**Exercise instructions**
If an entry below holds a picture, leave the picture out and print the rest exactly.
=== Begin Enclosure ===
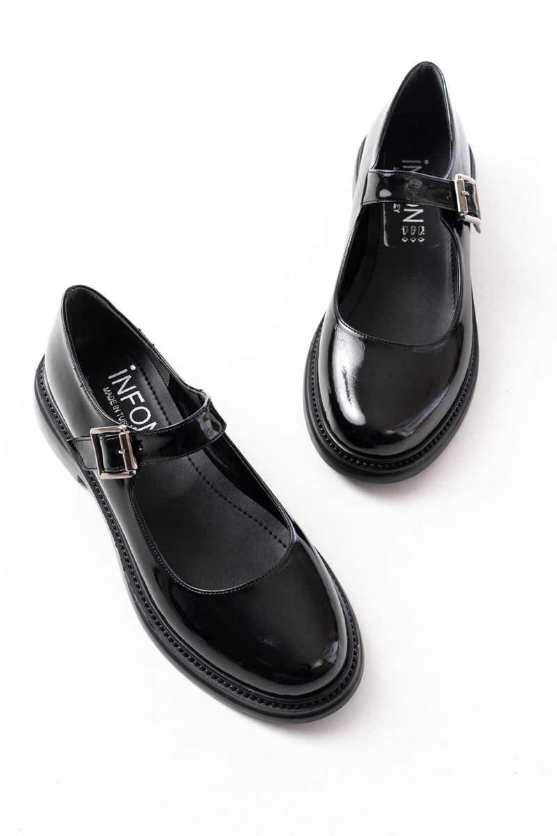 Women's Black Patent Leather Casual Orthopedic Sole Oxford Shoes
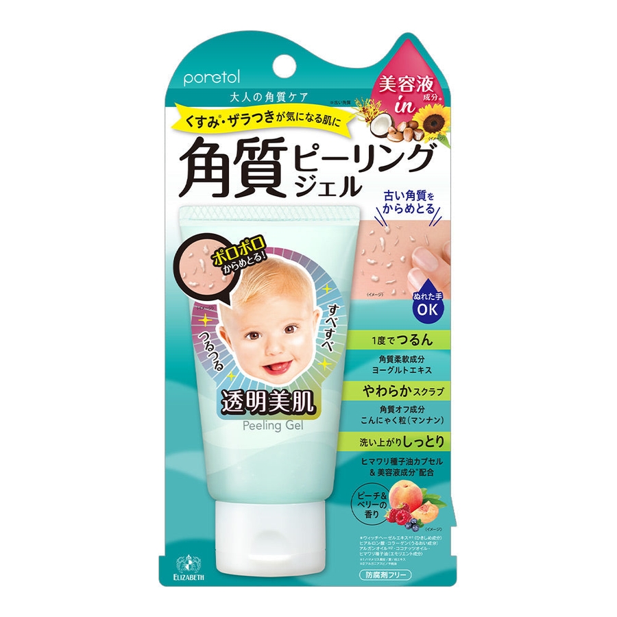 ●古い角質や皮脂汚れをやさしくオフして、なめらかな透明美肌に導く角質ピーリングジェル。●ジェルでやさしくマッサージすることで、ヨーグルトエキス(角質柔軟成分)が古い角質をやわらかくし、やわらかスクラブのこんにゃく粒(マンナン/角質オフ成分)が汚れをからめとります。●つっぱり感のない、しっとりとした洗い上がりです。●ピーチ&ベリーの香り。
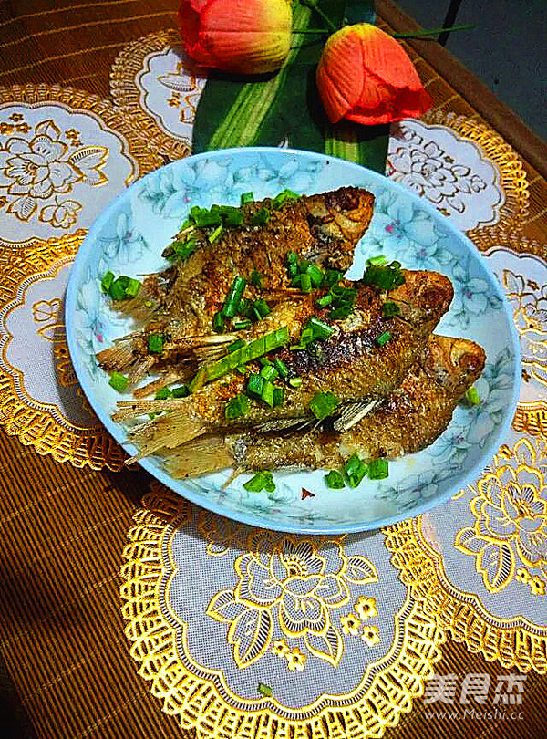 4.已经煎好的鲫鱼撒上葱花即可
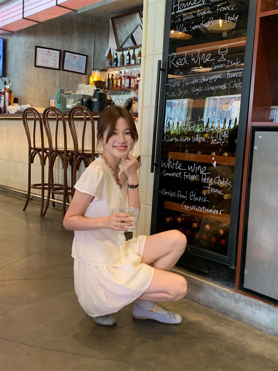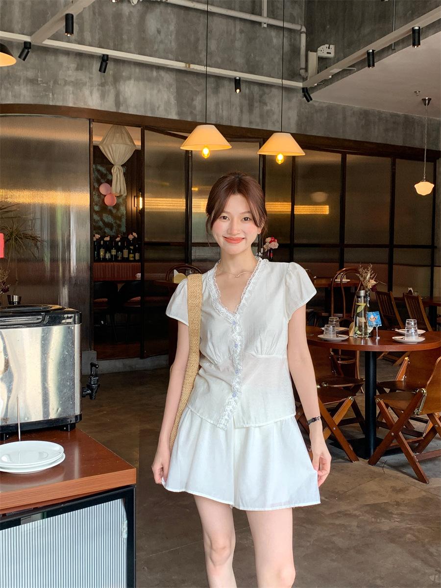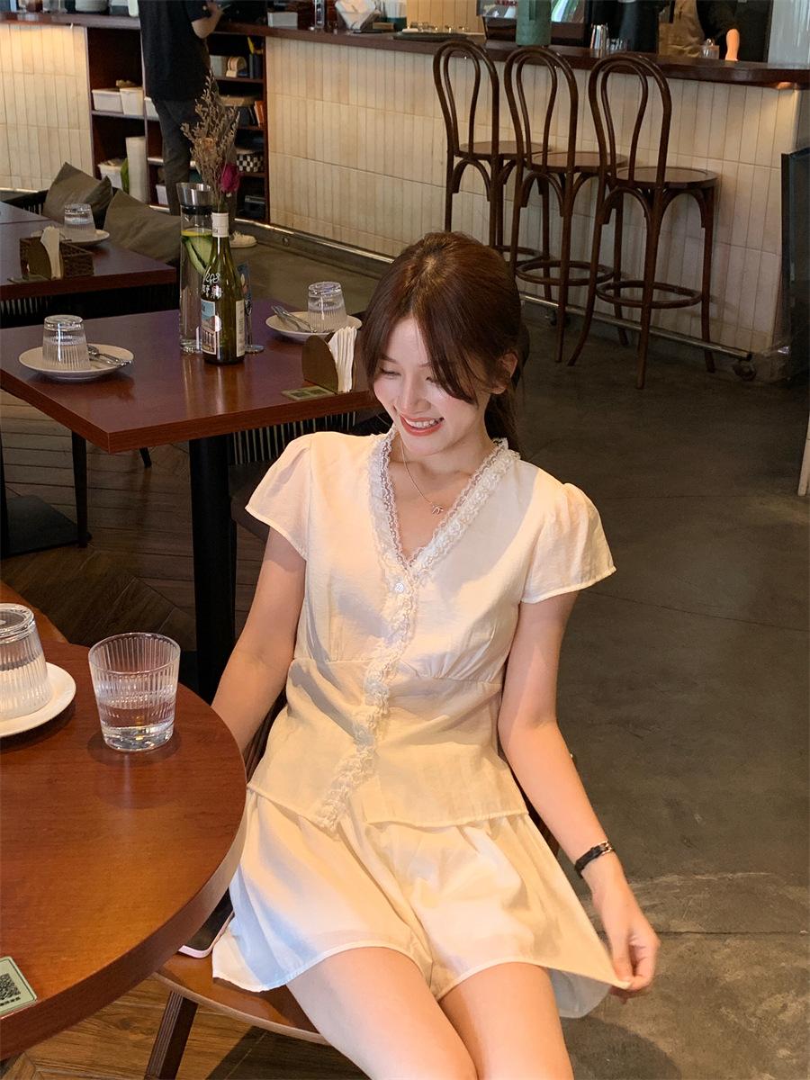 Foto real verano 2025 diseño estilo coreano nicho encaje costuras manga corta top traje corto para mujer conjunto de dos piezas
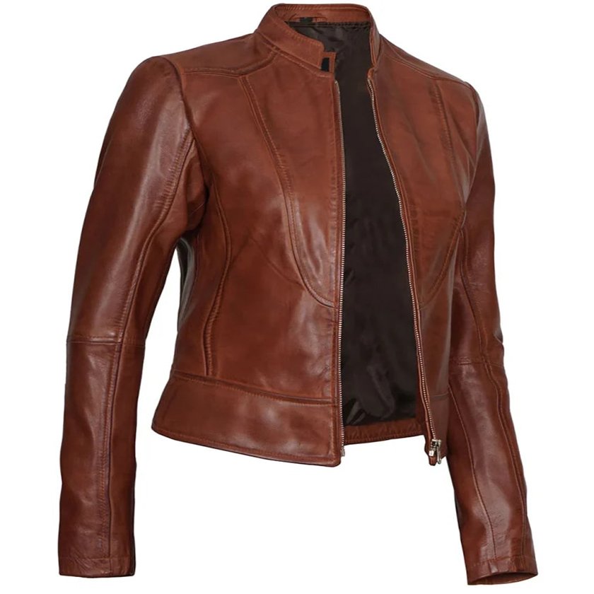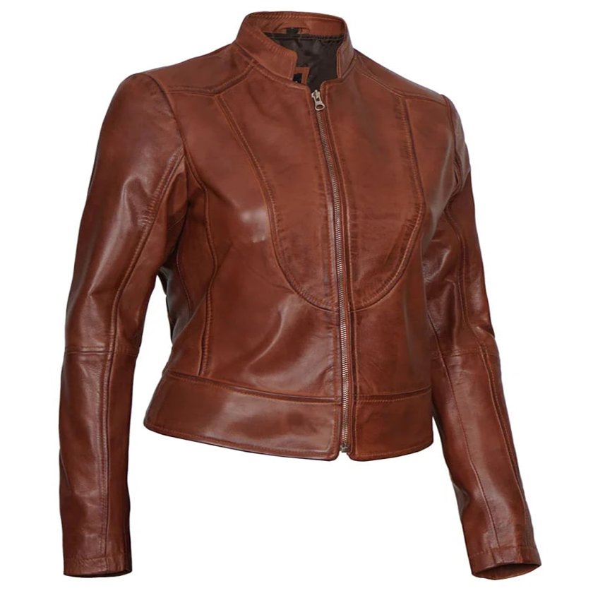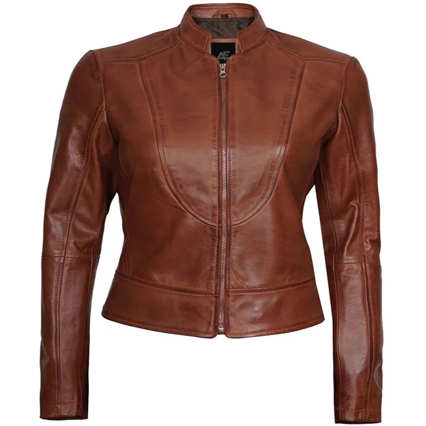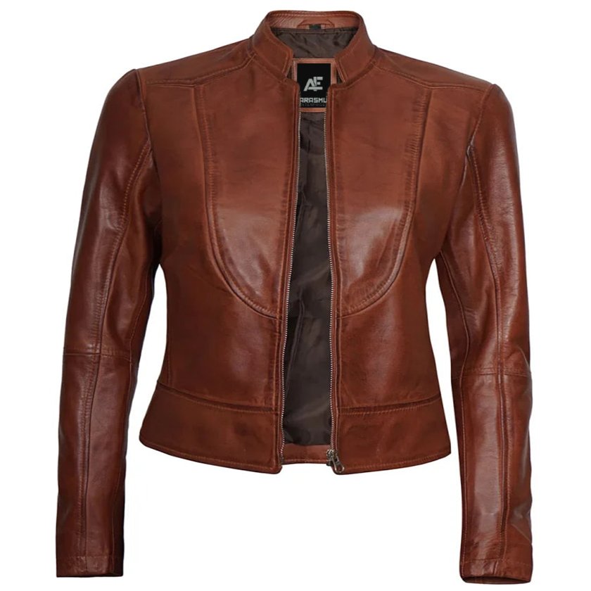 Looking for a jacket that is a little edgy and a little retro? The women’s cognac biker leather Jacket is the perfect jacket for you. The jacket is made of high-quality genuine leather, it has a zip closure and upright collar style. You will stand out in the crowd with this unique design.
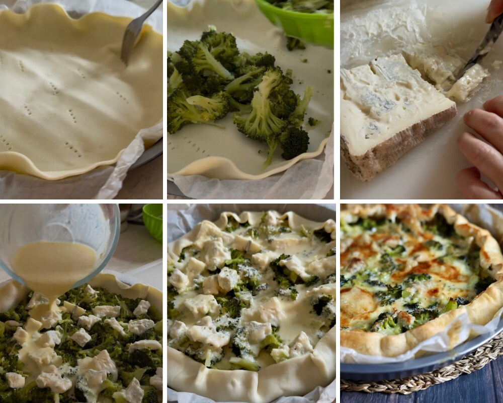 Estenda a massa folhada e coloque-a em uma forma de torta. Adicione os brócolis cozidos, o gorgonzola em pedaços e despeje o creme de ovos, leite e parmesão. Asse a torta salgada a 180°C por cerca de 30 minutos, ou até que a massa folhada esteja dourada.
=== End Enclosure ===
**Response**
 Women's Black Patent Leather Casual Orthopedic Sole Oxford Shoes
 ●古い角質や皮脂汚れをやさしくオフして、なめらかな透明美肌に導く角質ピーリングジェル。●ジェルでやさしくマッサージすることで、ヨーグルトエキス(角質柔軟成分)が古い角質をやわらかくし、やわらかスクラブのこんにゃく粒(マンナン/角質オフ成分)が汚れをからめとります。●つっぱり感のない、しっとりとした洗い上がりです。●ピーチ&ベリーの香り。
 4.已经煎好的鲫鱼撒上葱花即可
 Foto real verano 2025 diseño estilo coreano nicho encaje costuras manga corta top traje corto para mujer conjunto de dos piezas
 Looking for a jacket that is a little edgy and a little retro? The women’s cognac biker leather Jacket is the perfect jacket for you. The jacket is made of high-quality genuine leather, it has a zip closure and upright collar style. You will stand out in the crowd with this unique design.
 Estenda a massa folhada e coloque-a em uma forma de torta. Adicione os brócolis cozidos, o gorgonzola em pedaços e despeje o creme de ovos, leite e parmesão. Asse a torta salgada a 180°C por cerca de 30 minutos, ou até que a massa folhada esteja dourada.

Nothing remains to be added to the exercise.